Charles Schwab a manifesté son intérêt à entrer sur les marchés de prédiction dans le cadre de son examen plus large de produits. Le PDG Rick Wurster a déclaré aux investisseurs que la société étudiait la possibilité d'offrir de tels services à l'avenir.
Wurster a déclaré que les marchés de prédiction n'avaient pas suscité un "intérêt considérable" chez certains clients lors de discussions récentes.
Il a également noté que Schwab "examinerait attentivement" le secteur et a décrit la mise en place comme "assez simple" à introduire si l'entreprise allait de l'avant.

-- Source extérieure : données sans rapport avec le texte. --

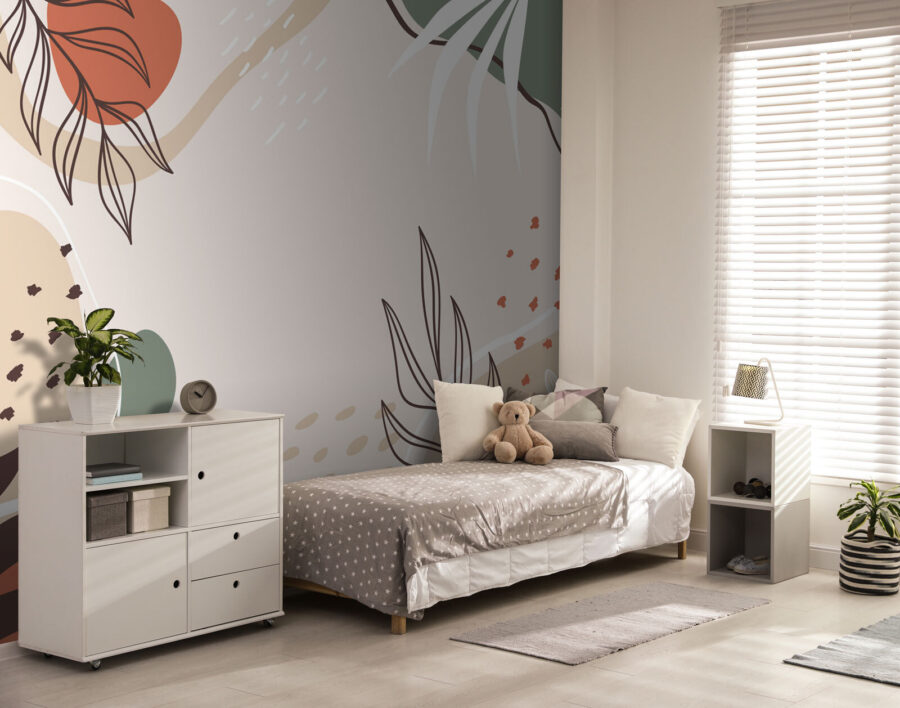 Știți sentimentul de calm și creativitate pe care îl aveți la o plimbare în natură? Imaginați-vă că îmbuteliați acest sentiment și îl stropiți direct pe pereți. Asta face această pictură murală “Abstract Leaves and Shapes”. Este ca o gură de aer proaspăt, dar, știi tu, în interior. Liniile fluide și formele organice sunt atât de liniștitoare pentru ochi – perfecte pentru a transforma orice perete simplu într-o mică oază.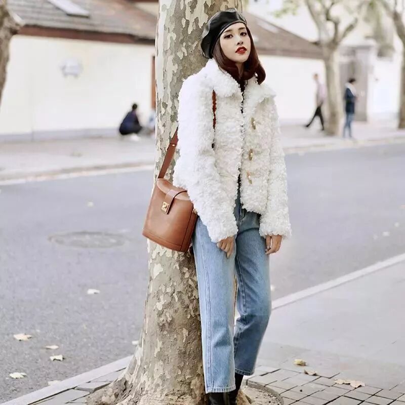 除了氣質型大衣,軟糯的羊羔毛外套作為節日約會場景下的戰袍,保暖好看沒有攻擊性,十分顯氣質溫柔!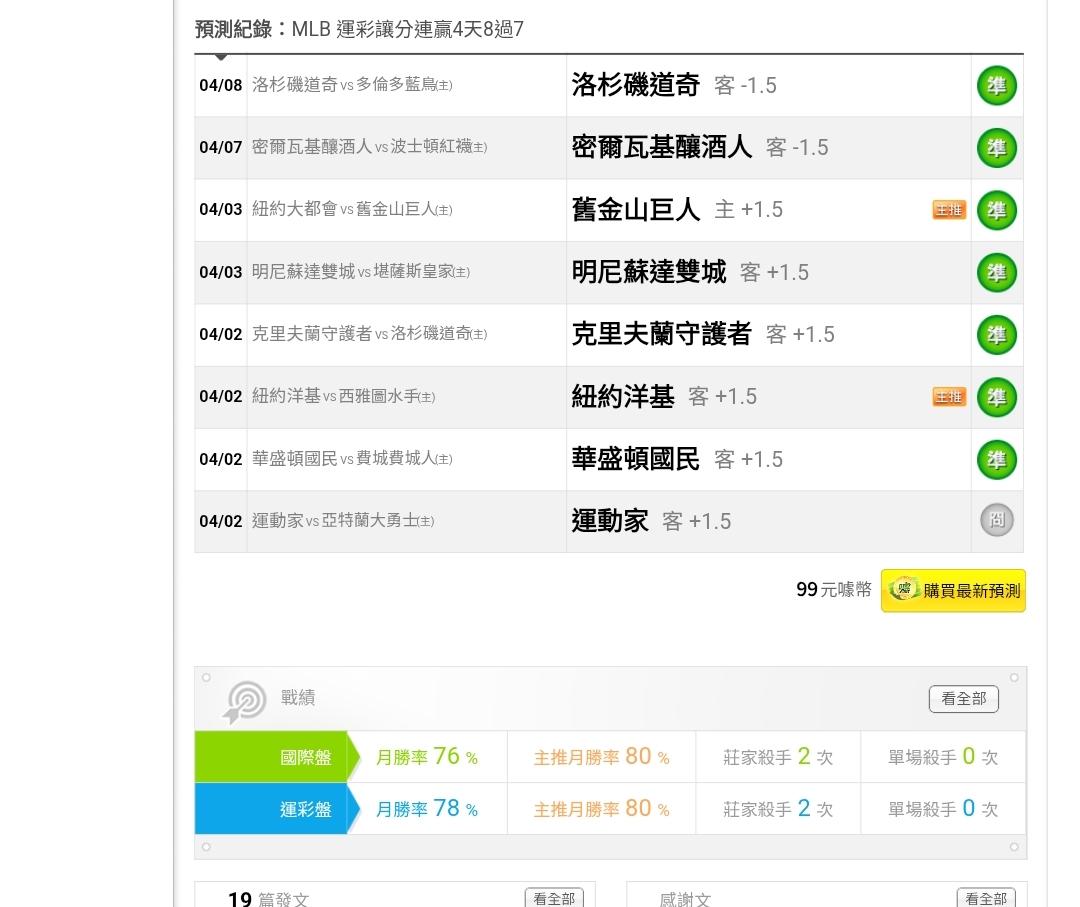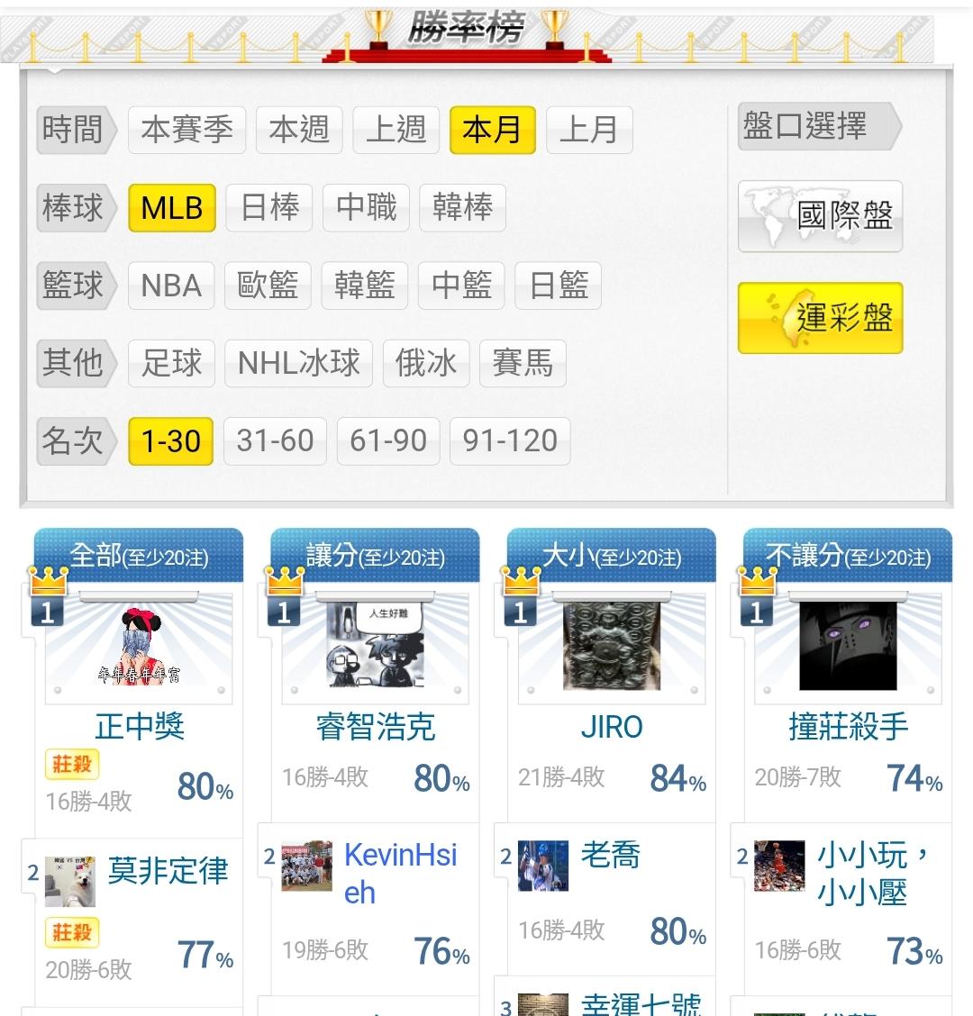 MLB >> MLB 運彩讓分連贏4天8過7 MLB 國際主推近9過8 運彩盤 勝率榜全部 第2名 參考看看
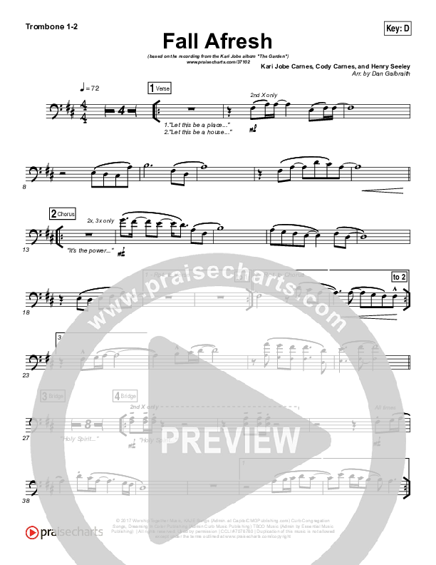 Download the Trombone 1,2 sheet music for Fall Afresh by Kari Jobe, from the album The Garden. This song was arranged by Daniel Galbraith in the key of D, Eb.
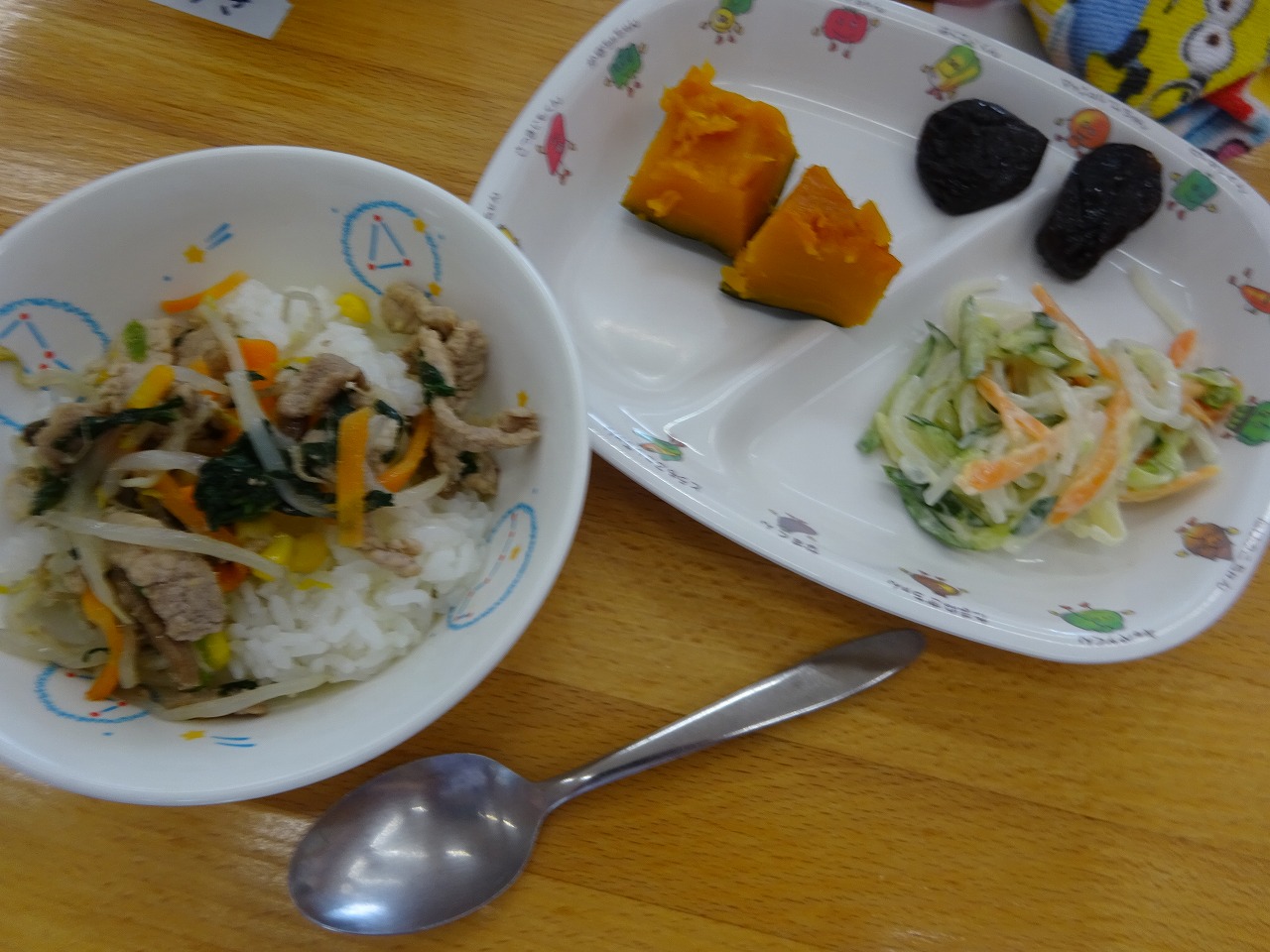 7月12日(月)給食 ・ビビンバ(米・豚肉・もやし・にんじん・ほうれん草・ぜんまい・コーン) ・シルバーサラダ(マロニー・きゅうり・にんじん・キャベツ・マヨドレ) ・かぼちゃ甘煮 ・プルーン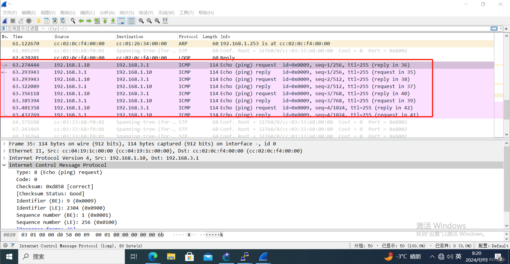 开启三条链路的抓包,然后主机ping192.168.3.1抓取数据进行分析。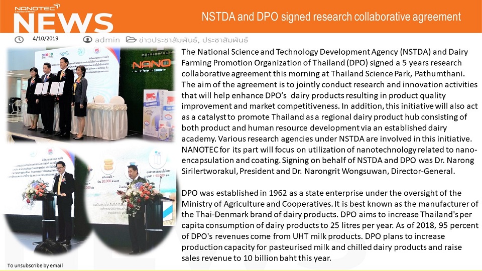 NSTDA and DPO signed research collaborative agreement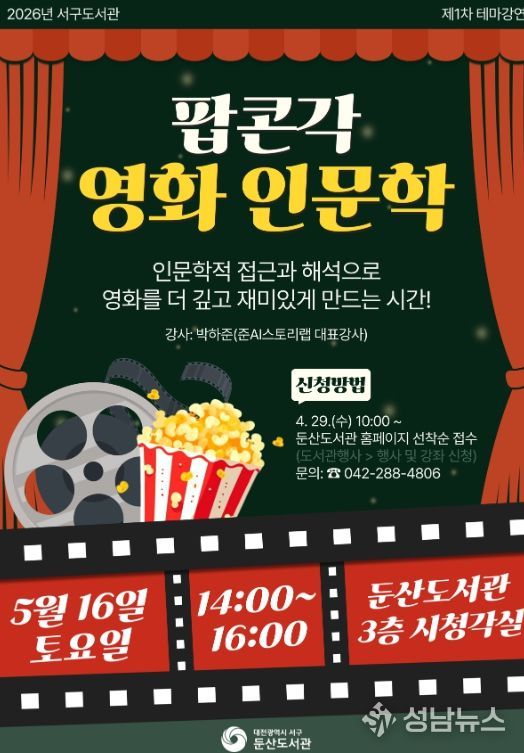 테마 강연은 내달 16일 오후 2시 둔산도서관 3층 시청각실에서 열린다. 영화의 서사와 캐릭터를 중심으로 주요 장면을 함께 감상하며, 재미와 깊이를 더할 수 있도록 마련된다.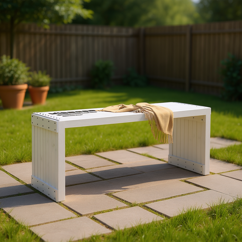 Panca da Giardino Estensibile in Legno di Pino Bianco Massiccio, Grande Panca da Patio, Arredo Esterno dal Design Moderno e Contemporaneo, 4 Posti

Schwab a déclaré que toute offre potentielle éviterait le sport, la politique et la culture populaire. L'entreprise vise à rester concentrée sur les services d'investissement liés à la planification financière à long terme.
Wurster a indiqué que les produits de prédiction en dehors de ce cadre ne seraient pas recherchés. Il a ajouté que "les gens perdent généralement de l'argent" sur les marchés de type jeu de hasard, ce qui soutient l'approche de l'entreprise de limiter l'exposition aux domaines spéculatifs.
Par ailleurs, Citadel Securities a également exprimé son intérêt pour le développement des marchés de prédiction. Le président Jim Esposito a déclaré que la société "surveille absolument les développements", tout en notant que les niveaux d'activité sont encore limités.
Esposito a ajouté qu'il est "certainement possible" que Citadel y participe à l'avenir. Cependant, il a affirmé que l'entreprise "n'en est pas encore là" en raison de la faible liquidité des plateformes actuelles, suggérant qu'une participation plus large dépend de la croissance du marché.
Citadel a montré plus d'intérêt pour les contrats basés sur des événements liés aux risques financiers plutôt qu'aux résultats de divertissement ou sportifs. L'entreprise voit une utilisation possible dans des domaines tels que les contrats liés aux élections qui peuvent affecter le comportement du marché.
Esposito a déclaré que de tels contrats pourraient offrir un "moyen clair et distinct" aux investisseurs de gérer les risques. Il a également affirmé qu'il existe "un bon cas d'utilisation et une logique industrielle" pour ces outils, car les clients recherchent des moyens de couvrir des expositions spécifiques.